These findings present some practical and theoretical implications. On the practical level, it is reassuring to observe that despite the proliferation of TV shows and discussion in the mass media of the various techniques involved in the analysis of forensic evidence, most offenders are not influenced by this knowledge when committing their crimes. In fact, even if some offenders are aware of this knowledge, they are likely to forget or to be distracted during the crime-commission process, neglecting to take precautions (e.g., Beauregard & Bouchard, 2010). Contrary to some specific forms of crime where technology changed the way to proceed (e.g., check fraud, bank robbery), sexual assaults are still being committed in the same way as they were when Amir (1971) first published his study. Although some variations may appear year after year, there seems to be an overall stability in the way criminals are committing sexual assaults – at least for sexual crimes involving female strangers. Investigators do not need to worry about criminals adapting their modus operandi and changing the way they commit their crime to avoid detection.

Such findings could also be useful for clinicians working with individuals who have committed sexual assaults against female strangers. More specifically, knowing that patterns of modus operandi appear to be mainly stable can inform the offense chains or their offending pathways (Proulx et al., 2014). This information can be used in the classification of these individuals (i.e., typologies), which in turn may help in the identification of specific treatment targets, such as anger management and deviant sexual preferences.

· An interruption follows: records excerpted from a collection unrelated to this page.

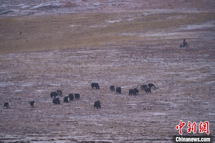 10月23日,西藏自治區(qū)那曲市安多縣多瑪鄉(xiāng)牧民在雪中放牧。當(dāng)日,一場(chǎng)雪將藏北草原裝扮得如詩(shī)如畫。牧民們?cè)谶@銀裝素裹的天地間,開始了雪中放牧的生活。牛羊在雪地中悠閑覓食,牧民駕駛著摩托車,在雪中放牧,形成了一幅動(dòng)人的風(fēng)景畫。圖為牦牛在草原上覓食。中新社記者 貢嘎來松 攝
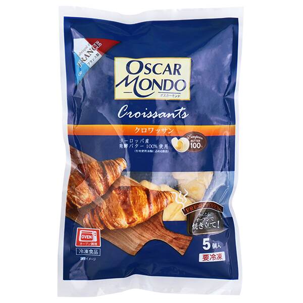 ヨーロッパ産発酵バターを使ったこだわりの冷凍クロワッサンです。5個入り。凍った商品を袋から取り出し、十分に間隔を開けてオーブン皿に並べ、室温で20~30分程度解凍。軽く押して生地が柔らかくへこむ程度になったら、予熱した180℃のオーブンで25分程度焼くことで、2.5倍くらいの大きさに焼きあがります。ホテルなどの業務用としても活躍する商品です。
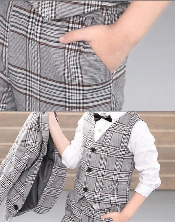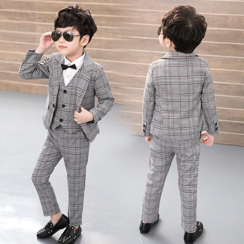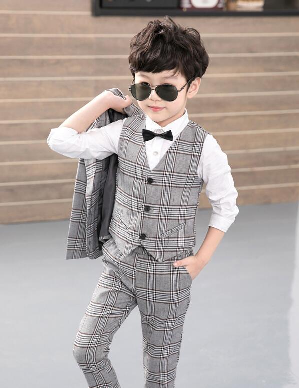 新作 School unim Children Boys mal Birthday Suits Blazer Pants vest 3Pcs Kids Gentleman Party Child Gien Check
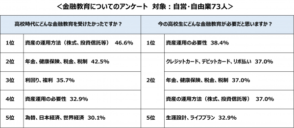 今回は、調査の対象800人中320人の回答があった会社員の方が、自分自身の高校時代に受けたかった金融教育と今の高校生に必要と思う金融教育に違いがないか上位5位を比較しました。
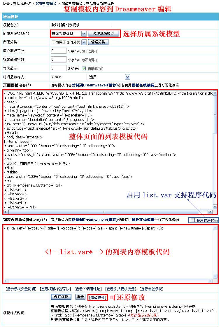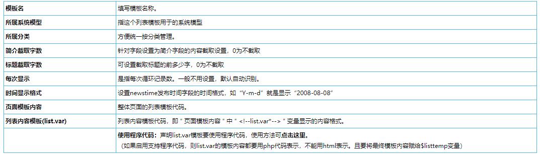 列表模板是指信息列表页面使用的模板。(制作方法基本同标签模板)
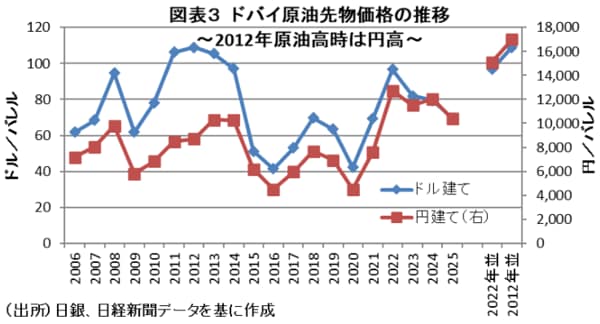 そこで、より現実的な家計への影響について、今後のドル円レートを不変と仮定し、今年度後半以降の原油価格の水準を場合分けして試算すれば、今年3月以降の原油先物価格が直近1年平均の67ドル/バレル程度に落ち着けば、10か月後となる27年の消費者物価前年比への影響は不変となる。しかし、今後1年間の原油先物価格がロシアのウクライナ侵攻のあった2022年平均並みの97ドル/バレル台、もしくは核開発問題をめぐる西側諸国とイランの混乱があった2012年平均並みの109ドル/バレル程度で推移したとすれば、直近1年間の平均ドル建て原油価格は前年比でそれぞれ+45%、+64%になる(図表3)。
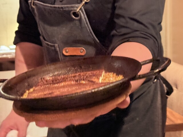 このお店の名物メニューのパエリアはシェフ自らサーブしてくれます

On the theoretical level, these findings are showing that it does not matter how old data on the crime-commission process are. This is important for researchers who study the modus operandi and the crime-commission process of individuals who have committed sexual crimes. This means that there is no empirical justification to limit a sample based on the years the crimes have been committed or worse, to not use (or limit) a specific dataset based on when it was collected. Moreover, these results are suggesting that what was found in the past on the modus operandi involved in sexual crimes might still be accurate today, despite the years that have passed. Researchers in the field could then go back to the pioneer work of researchers such as Amir and use their findings to better understand how and why offenders commit their crimes the way they do.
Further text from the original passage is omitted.